The password for the next level is stored in the file data.txt, where all lowercase (a-z) and uppercase (A-Z) letters have been rotated by 13 positions
grep, sort, uniq, strings, base64, tr, tar, gzip, bzip2, xxd
Rot13 on Wikipedia
ssh bandit11@bandit.labs.overthewire.org -p 2220
Then enter the password obtained from the previous challenge.
After using the ls and cat commands to examine the data, we determined from the instructions that it is a ciphertext encoded with a ROT13 cipher.
ROT13 (Rotate by 13) is a type of Caesar cipher, which is a substitution cipher where each letter in the alphabet is replaced by another letter a fixed number of positions away.
The following command can be used to decode the cipher.
cat data.txt | tr 'A-Za-z' 'N-ZA-Mn-za-m'
tr stands for translate.
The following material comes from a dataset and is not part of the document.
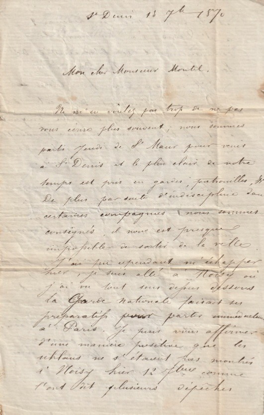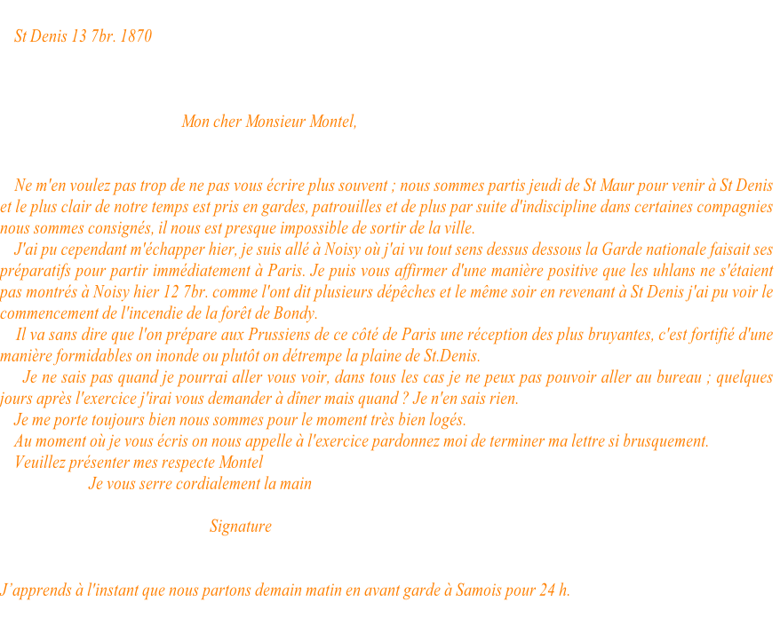 Cela va chauffer je le crains, les Prussiens semblent menacer le Mans : espérons que nous saurons les y recevoir – un ballon de Paris est arrivé aujourd’hui- la situation de Paris est excellente – enthousiasme universel à la nouvelle du succès d’Orléans Trochu prépare une grande sortie- pain et vin pour 6 mois- viande sans parler de chèvre jusqu’au 1er janvier nous battrons le prussien, j’en ai le ferme espoir :
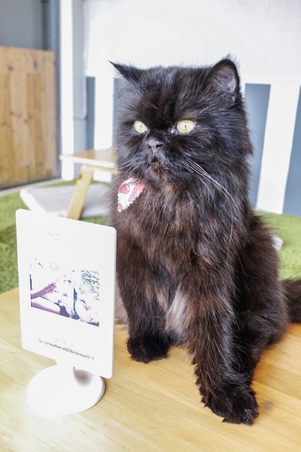 หมีกับเพื่อนนัดกันวันธรรมดาค่ะ แถมไปตั้งแต่ร้านเพิ่งจะเปิดไม่นานเลยกลายเป็นลูกค้ากลุ่มแรกไปเลย ฟินมากเพราะเหมือนร้านทั้งร้านและแมวทุกตัวเป็นของเรา (ฮ่า) โดยร้านนี้จะเปิดตั้งแต่เวลา 12:00-22.30 น. ตอนหมีไปมีพนักงานประจำอยู่แค่คนเดียวค่ะ

It replaces characters in the input.
'A-Za-z' means: all uppercase A to Z and lowercase a to z.
'N-ZA-Mn-za-m' means: shift each letter 13 places (ROT13 logic). A–M → N–Z, N–Z → A–M, Same for lowercase

Alternatively, the cipher can be decoded manually using a table.
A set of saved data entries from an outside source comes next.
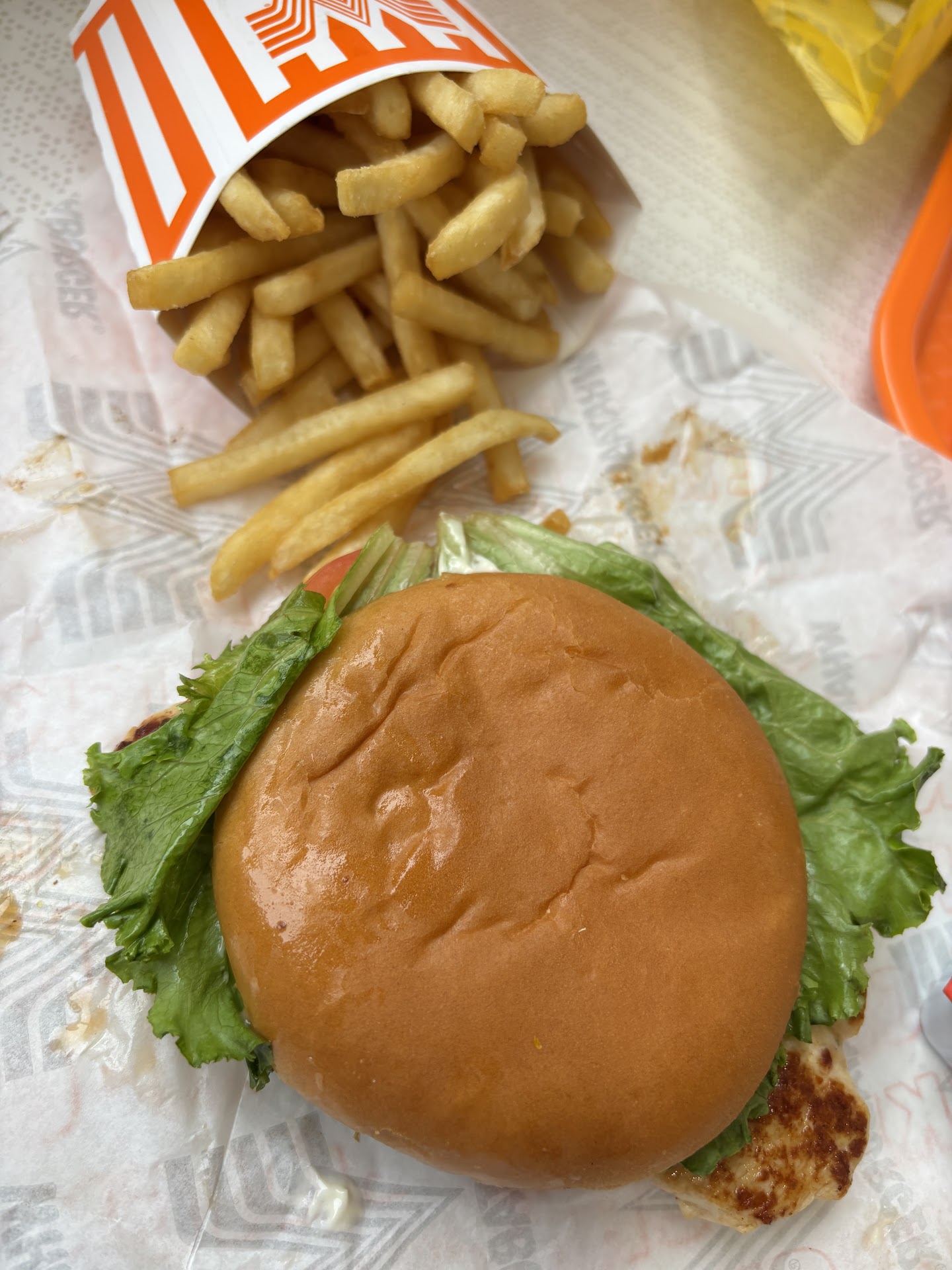 Less than 10 minutes after ordering my food arrived. It was hot and accurate. Whataburger's Spicy Ketchup is exactly what their fries need. The fries aren't remarkable, but the Spicy Ketchup gives it just what it needs.
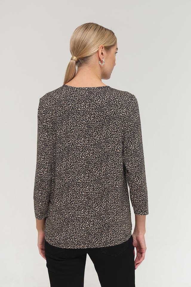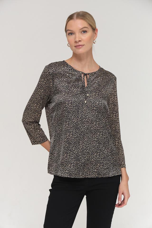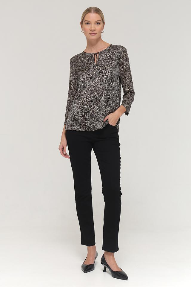 Блуза имеет свободный крой, который не сковывает движений. Вырез горловины оформлен небольшим V-образным разрезом на завязке, что придает образу женственность и изящество. Рукава блузы – три четверти, что делает ее универсальной для любого времени года.
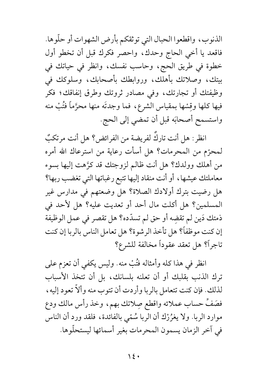 الذنوب، واقطعوا الحبال التي توثقكم بأرض الشهوات أو حلّوها. فاقعد يا أخي الحاج وحدك، واحصر فكرك قبل أن تخطو أول خطوة في طريق الحج، وحاسب نفسك، وانظر في حياتك في بيتك، وصلاتك بأهلك، وروابطك بأصحابك، وسلوكك في وظيفتك أو تجارتك، وفي مصادر ثروتك وطرق إنفاقك؛ فكر فيها كلها وقِسْها بمقياس الشرع، فما وجدتَه منها محرَّماً فتُبْ منه واستسمح أصحابَه قبل أن تمضي إلى الحج.

| # | Plain | ROT13 | Plain | ROT13 | |
|---|---|---|---|---|---|
| 1 | A | N | N | A | |
| 2 | B | O | O | B | |
| 3 | C | P | P | C | |
| 4 | D | Q | Q | D | |
| 5 | E | R | R | E | |
| 6 | F | S | S | F | |
| 7 | G | T | T | G | |
| 8 | H | U | U | H | |
| 9 | I | V | V | I | |
| 10 | J | W | W | J | |
| 11 | K | X | X | K | |
| 12 | L | Y | Y | L | |
| 13 | M | Z | Z | M |
There’s also a web-based tool called CyberChef that can help with deciphering this.

Congratulations! You’ve found the flag for the next challenge.